2.1 Tumour specimens

Eighty-five fresh CRC specimens and paired normal specimens were frozen in liquid nitrogen immediately after surgical resection at the Fourth Hospital of Hebei Medical University from 2020 to 2021, and these specimens were subjected to real-time quantitative PCR(RT-qPCR) and Western blotting. The specimens were collected from patients who met the following conditions: (1) Patients were diagnosed with colorectal adenocarcinoma and did not receive preoperative neoadjuvant therapy; (2) Tumour tissue was obtained from the non-necrotic area of the tumour, and paired normal tissues were obtained from the upper and lower margins of the tumour at a distance of approximately 15 cm. The detailed information about the patients, such as sex and age, is shown in Table S1. The study protocol was approved by the Ethics Committee of the Fourth Hospital of Hebei Medical University, and all the patients signed an informed consent forms.

2.2 Cell culture

The human CRC cell lines used for the experiments were provided by the Research Center of the Fourth Hospital of Hebei Medical University. All cell lines were authenticated by short tandem repeat (STR) profiling, and mycoplasma contamination was excluded. The HCT116 and HT29 cell lines were maintained in RPMI-1640 medium supplemented with 10% foetal bovine serum (FBS). SW480, SW620, LOVO, RKO and NCM460 cells were maintained in Dulbecco's modified Eagle's medium (DMEM) supplemented with 10% foetal bovine serum (FBS). All the cell lines were cultured at 37°C in 5% CO₂.

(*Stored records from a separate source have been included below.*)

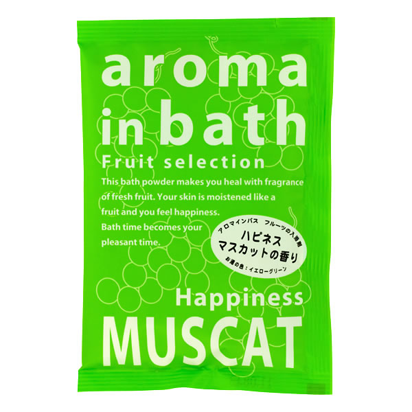 | 心地良い香りでリラクゼーションへ導く入浴剤です。 [ハピネス マスカットの香り] 肌のトラブルを防ぎ、健やかな肌を保つブドウ葉エキス(保湿成分)配合 幸福をイメージさせる、みずみずしくほのかに甘いマスカットの香りをお楽しみください。 |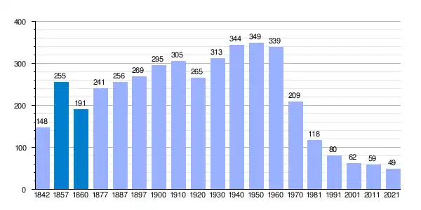 | Gráfica de evolución demográfica de Pastores[5] entre 1842 y 2021 |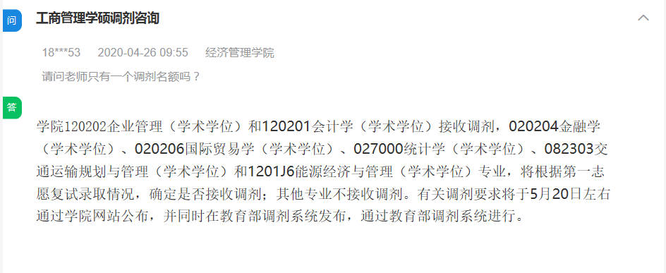 回答:学院120202企业管理(学术学位)和120201会计学(学术学位)接收调剂,020204金融学(学术学位)、020206国际贸易学(学术学位)、027000统计学(学术学位)、082303交通运输规划与管理(学术学位)和1201J6能源经济与管理(学术学位)专业,将根据第一志愿复试录取情况,确定是否接收调剂;其他专业不接收调剂。有关调剂要求将于5月20日左右通过学院网站公布,并同时在教育部调剂系统发布,通过教育部调剂系统进行。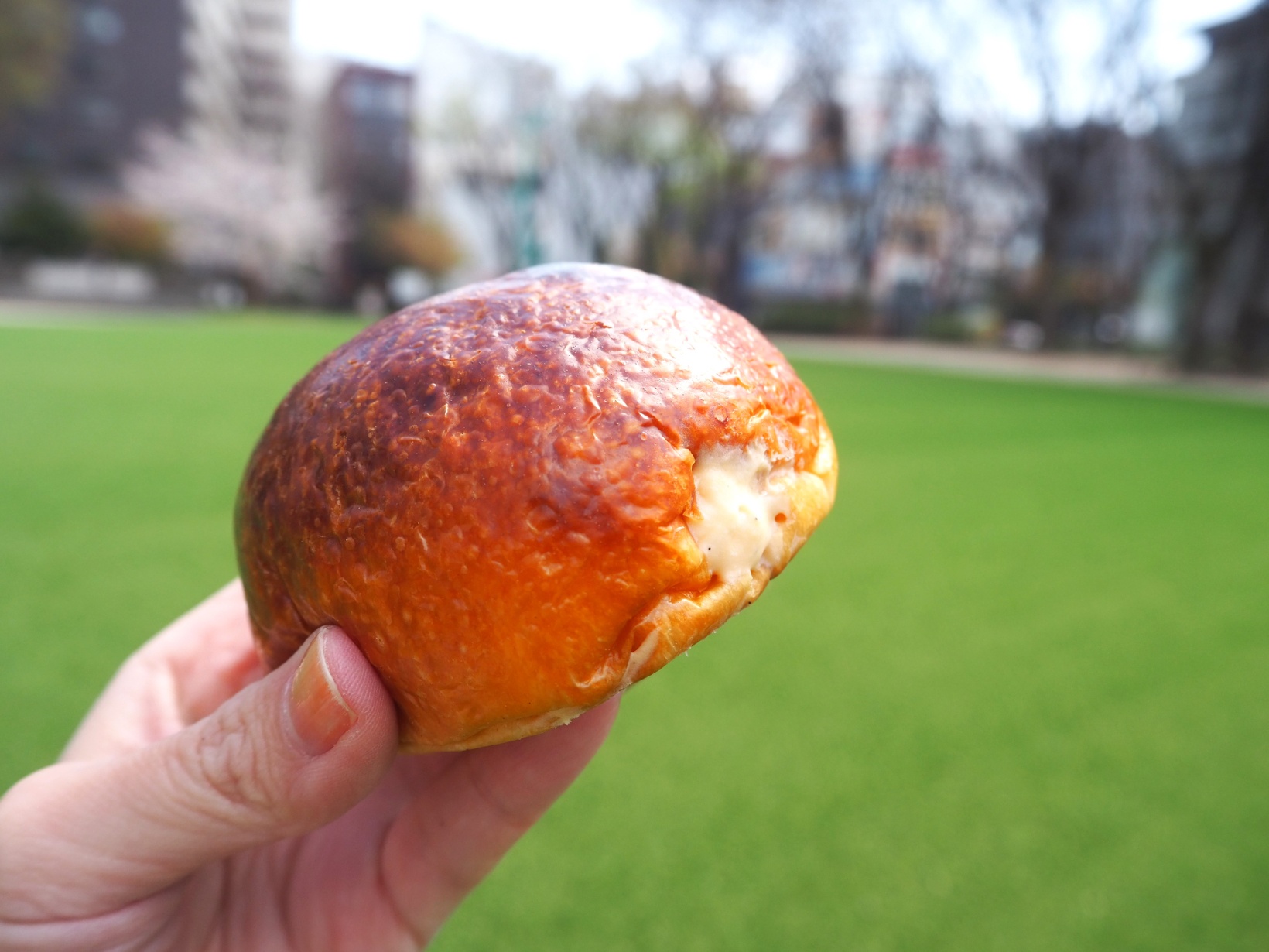 パンを片手に公園ブランチ

2.3 RNA extraction and RT-qPCR

Total RNA was extracted using the RNA simple Total RNA Kit (DP419, TIANGEN BIOTECH BEIJING CO., Ltd.). After checking the purity (1.8 < OD260/OD280 < 2.0) and concentration (1000–1500 ng/μL), total RNA was reverse transcribed into cDNA by using a Reverse Transcription System (Promega, Wisconsin, USA) according to the manufacturer's instructions. Then, the cDNA was subjected to quantitative real-time PCR (RT-qPCR) analysis on a 7500 RT-qPCR System (Applied Biosystems, USA) with qPCR Mix (Promega, Wisconsin, USA). Using the SYBR Green method, amplification was completed under the following reaction conditions: 95°C for 2 min; denaturation at 95°C for 15 s; annealing and extension at 60°C for 1 min; and 40 cycles of melting at 95°C for 15 s, 60°C for 1 min, and 95°C for 15 s. All samples were run in triplicate, and the results were analysed with the 2^−ΔΔCt method.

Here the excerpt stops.